By a miracle of brush-work, the dark complexion to which he owed his
Gaelic soubriquet glows with life above the coal-black armour: the eyes shine
with the light of a knife-keen intellect, and their sideways-downwards glance is
amply explained by the mischievous twist of the mouth.
No sullenness, no slyness: subtlety, yes, but redeemed by unbounded
humour and strength. Even when I had
passed on I was conscious of Sir Ewen at my back, a still-living, lovable and
most powerful personality. In turn I viewed the portraits of my host and
his father; two magnificent Raeburns, one of his great-grandfather - he who
returned from France to begin but not complete the present Achnacarry - the
other of this chief's wife who was daughter to Sir Ralph Abercrombie; then at
length stood before that painting which purports to portray the features of
Donald Cameron, Nineteenth Chief and the real hero of the Forty-Five - a
portrait which, under the circumstances, is but too widely known. "A bad copy of a bad picture,"

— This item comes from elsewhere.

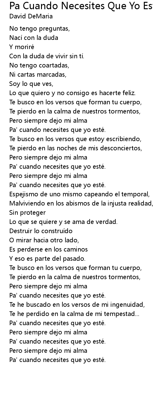 | Song | Pa Cuando Necesites Que Yo Esté |

Lochiel said briefly; then went on to tell me that there is much doubt as to
whether this delicate, effeminate-looking man really does represent the Gentle
Lochiel, since the original bears a date five years later from than his death.

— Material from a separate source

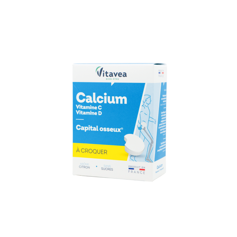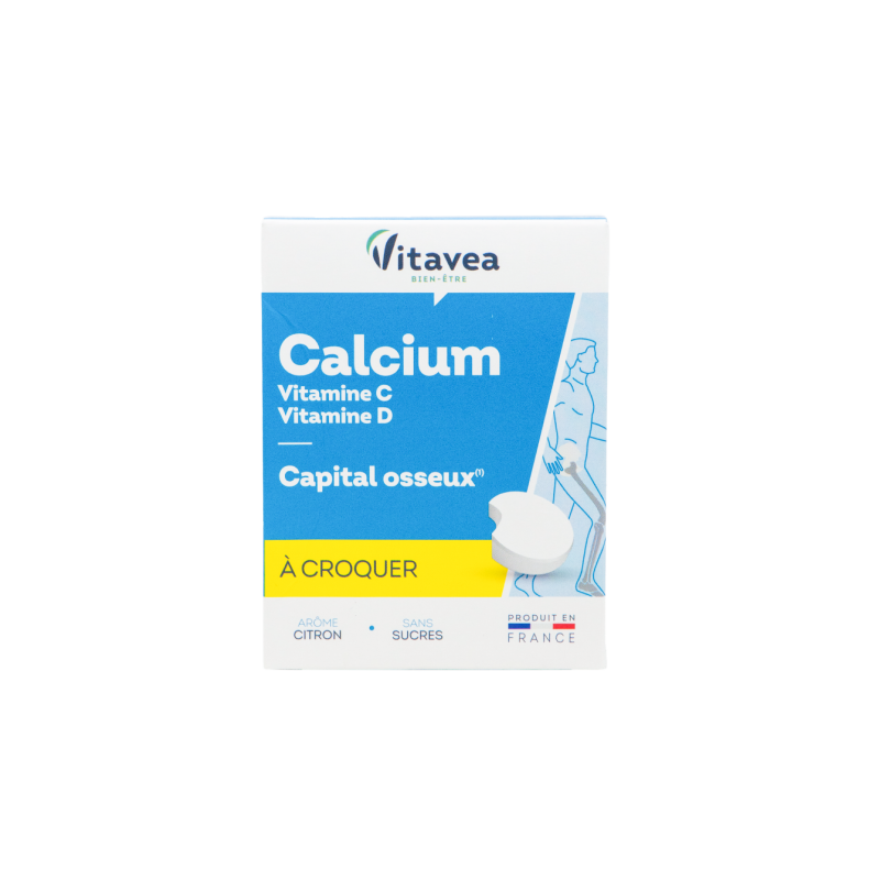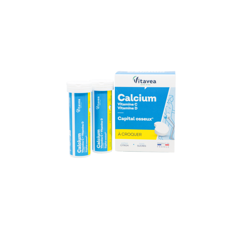 Vitavea Kalcis + vitaminai C ir D3Patenkina kasdienius organizmo poreikius normaliai kaulų būklei palaikyti. Padeda atgaivinti organizmą, mažinti pavargimo jausmą ir nuovargį, padeda palaikyti normalią imuninės sistemos veiklą dėl sudėtyje esančio veiksmingo vitamino C, kalcio ir vitamino D derinio.●Be cukraus. ●Kramtomosios tabletės.●Puikaus citrinų skonio.●Patenkina kasdienius organizmo poreikius.●Pagaminta Prancūzijoje, Vitavea laboratorijoje Vandėja regione, laikantis geros gamybos praktikos (GGP) ir kokybės (ANSM - Nacionalinės vaistų ir sveikatos produktų saugos agentūros) procesų. MAISTINĖS MEDŽIAGOS●Vitaminas C padeda palaikyti kolageno, kuris reikalingas normaliai kaulų, kremzlių, dantų, kraujagyslių, dantenų, odos funkcijoms, susidarymą. Padeda palaikyti normalią imuninės sistemos veiklą, padeda apsaugoti ląsteles nuo oksidacinės pažaidos, padeda palaikyti normalią energijos apykaitą, padeda mažinti pavargimo jausmą ir nuovargį. Padeda palaikyti normalią nervų sistemos veiklą ir psihologinę funkciją. Padeda palaikyti kolageno, kuris reikalingas normaliai kraujagyslių, kaulų, kremzlių, dantenų, odos, dantų funkcijoms, susidarymą. ●Kalcis reikalingas normaliai kaulų ir dantų būklei. Padeda palaikyti normalią: energijos apykaitą, raumenų veiklą, normalų virškinimo fermentų veikimą ir normalų kraujo krešėjimą, normalų nervų impulso perdavimą. ●Vitaminas D padeda palaikyti: normalią kalcio ir fosforo absorbciją ir (arba) įsisavinimą, normalią kalcio koncentraciją kraujyje, normalią: kaulų būklę, raumenų funkciją, dantų būklę, imuninės sistemos veiklą. Vitaminas D atlieka tam tikrą funkciją ląstelių dalijimosi procese.1-oje tabletėje: ●Vitaminas C 180 mg (225% RMV*)●Kalcis 200 mg (25% RMV*)●Vitaminas D 5 µg (100% RMV*) *RMV – referencinė maistinė vertė.Maisto papildas. Su saldikliais. 24 citrinų skonio kramtomos tabletės. Grynasis kiekis 60 g.Gamintojas: Vitavea - Laboratoires Yves Ponroy, Parc d'activité Sud Loire - 85612 Montaigu Cedex, PrancūzijGavėjas :

If, on the other hand, it is a posthumous portrait, then something -
perhaps a trifle that was the all - has escaped the artist's memory.
For here is gentleness certainly, but without the historic strength of
will; womanly qualities which need not disgrace a warrior but lacking that
virility which in Donald Cameron endowed them with noble significance.

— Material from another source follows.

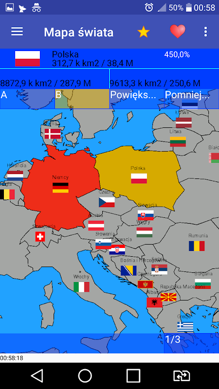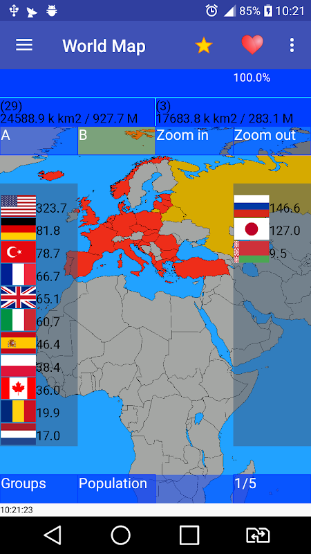 내가 당신에게 세계의지도를 포함하는 응용 프로그램을 제시한다. 면적과 인구 : 각 국가의 데이터가 있습니다.

The man of this portrait could never have given that famous pledge to the
Prince, still less have redeemed it by the unflinching courage, the loyalty and
resource shown by Lochiel throughout the campaign and in the grim days after
Culloden. Here, in short, is one
who, in Charles's own gibe, might have been content to follow the fortunes of
his Prince in the newspapers: emphatically it is not the Lochiel of the
Forty-Five. But although his physical lineaments may,
through the confusion of exile, be lost to posterity, it matters little.
As long as honour has any meaning for Highland people (and when shall it
cease to have?) so long will the Gentle Lochiel be their dearest inspiration.
Even during his lifetime and the bitterness of political strife, his
enemies could find no evil either of motive or of conduct to impute to him: his
nobility was accepted by all. Writing
later - in 1774 – Mrs Grant of Laggan, who did not share his devotion to the
Stewarts, could find only this to say: "I call him gentle because he really
was so…He was like Brutus among the conspirators.
No man sacrificed more domestic comfort to mistaken principle.
No man had clearer views of the fatal result." Two other quotations leapt to my mind as, with
Lochiel, I left the Dining-room, still as it were walking within the aura of the
finest flower of Highland race. The
first, from a poet of earlier time and other country, cheapened ad nauseam
though it may be through loose and foolish panegyric, is here the best and
truest of epitaphs: "He was a verray parfit gentil knight."
The other - and I do not hesitate to use it in this connection since his
exile endured but little over a year - begins: "Greater love hath no
man…" On the threshold of that house of glorious
memories, I sought in stumbling fashion to express my thanks to him who, in the
midst of pressing affairs, had yet seen fit to sacrifice well nigh two hours of
his time that others might share the Inspiration of the Past.
And as I took my leave the scudding cloud-wrack parted.
Swift, sudden, like a spear from heaven, a sun-shaft flashed into the
heart of the Achnacarry Beeches. Beneath their shadow the old line endures.